---------- DATA SUPPLIED

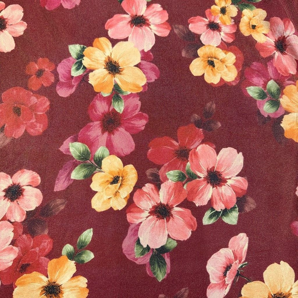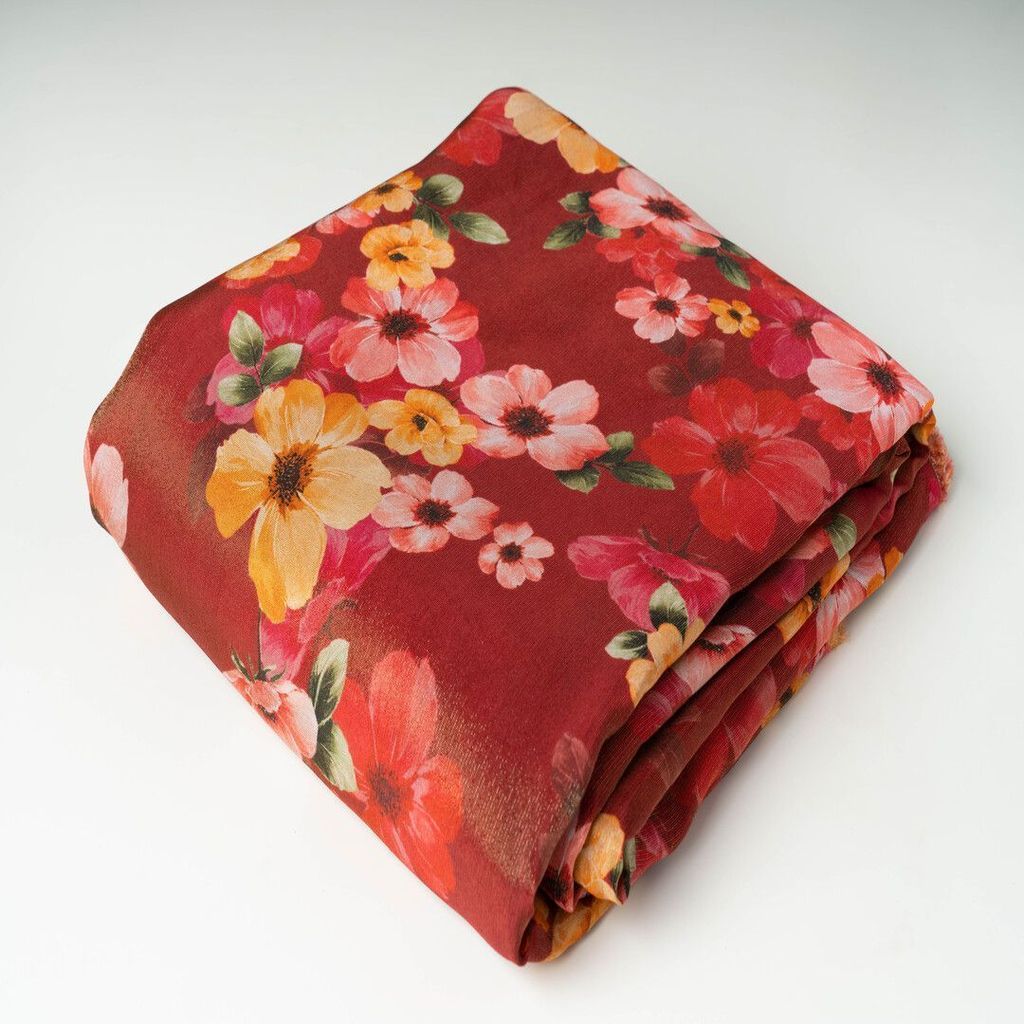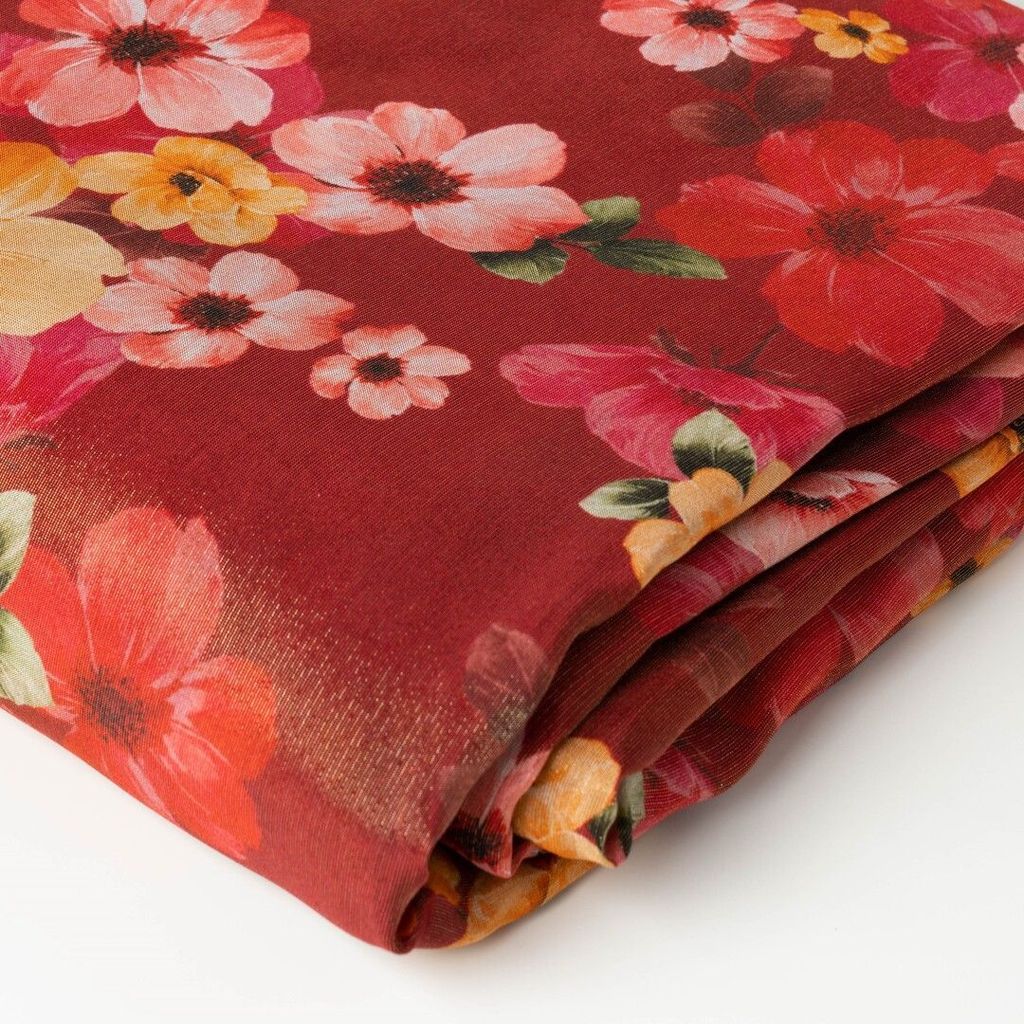 | Fabric Name | Red Viscose Shimmer Georgette with Floral Prints |
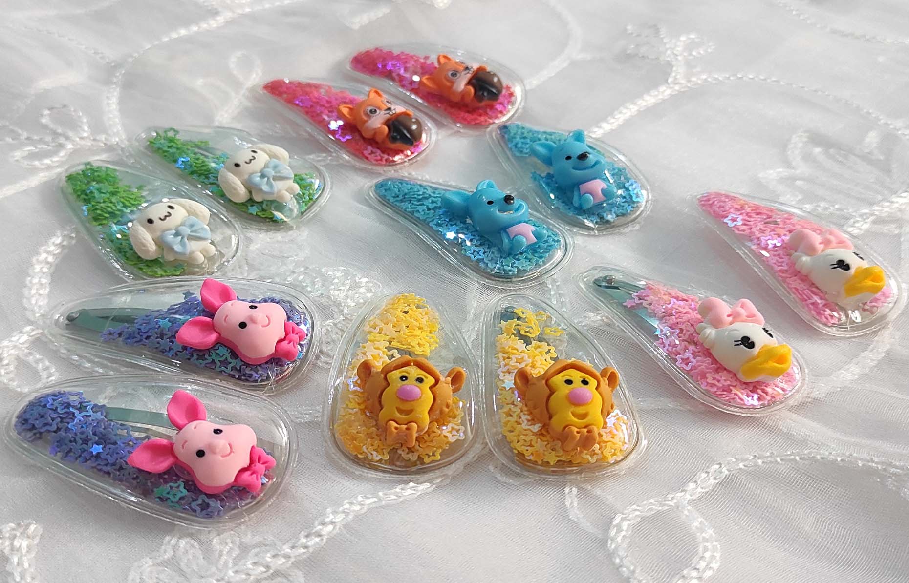 Transparent hairclip with Colored sequin and animal cartoon. Fancy clips for girls. Pack of 12.
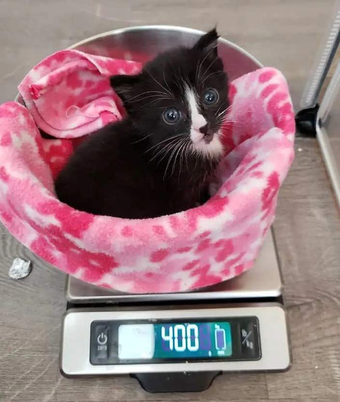 Erin took the poor kitten in and realized that it was too small to eat. They had to insert a feeding tube to help it regain the energy it lost. After a few full bellies, the tiny tuxedo-like kitten showed its character. They named it Jojo and she began making strides the moment she was out of the woods.
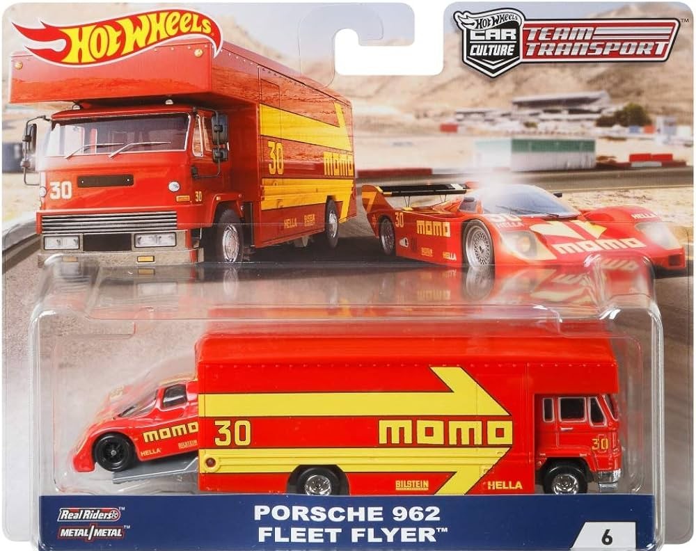 Hot Wheels Team Transport #6 – Porsche 962 & Fleet Flyer brings endurance racing heritage to the Hot Wheels Team Transport. Featuring the legendary Porsche 962 paired with the sleek Fleet Flyer, this set reflects the golden era of Le Mans–style racing. The Porsche 962’s aerodynamic design and iconic racing livery make it a standout among collectors. The Fleet Flyer complements it with a low-profile, race-focused hauler design. Together, they create a visually cohesive and highly desirable set, especially for fans of endurance racing and classic Porsche motorsport history.
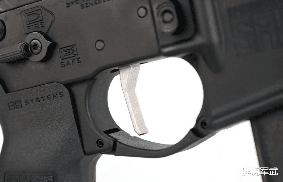 超大的聚合物扳机组来自B5 Systems,并搭配B5 Systems Type 23 P-Grip握把和45度双向安全装置。B5握把的握把与机匣角度比传统M4握把更为倾斜,这种设计有助于将持枪手的肘部紧密贴合身体。护木上还提供了充足的M-Lok附件接口。
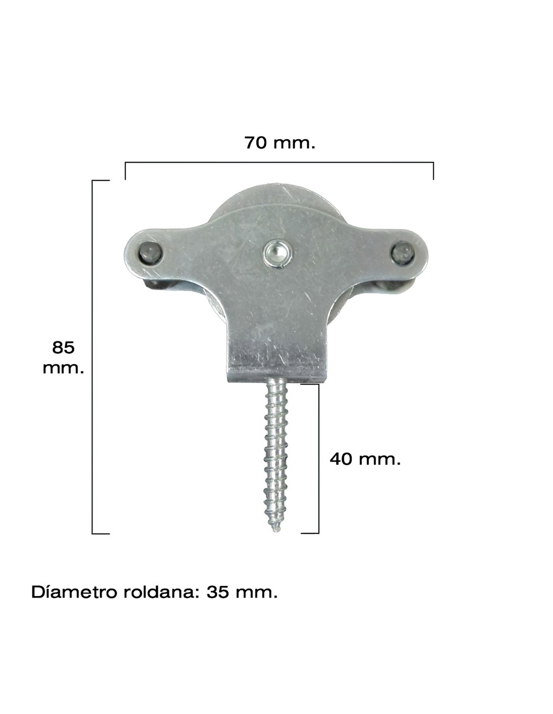 Polea Tendedero Wolfpack Zincado 40 mm. Roldana Metal con Tirafondo

--------------------

Please give again the entries word for word, starting at the first line and ending with the line that contains "Erin took the"; include both of those lines but none of the pictures.

 | Fabric Name | Red Viscose Shimmer Georgette with Floral Prints |
 Transparent hairclip with Colored sequin and animal cartoon. Fancy clips for girls. Pack of 12.
 Erin took the poor kitten in and realized that it was too small to eat. They had to insert a feeding tube to help it regain the energy it lost. After a few full bellies, the tiny tuxedo-like kitten showed its character. They named it Jojo and she began making strides the moment she was out of the woods.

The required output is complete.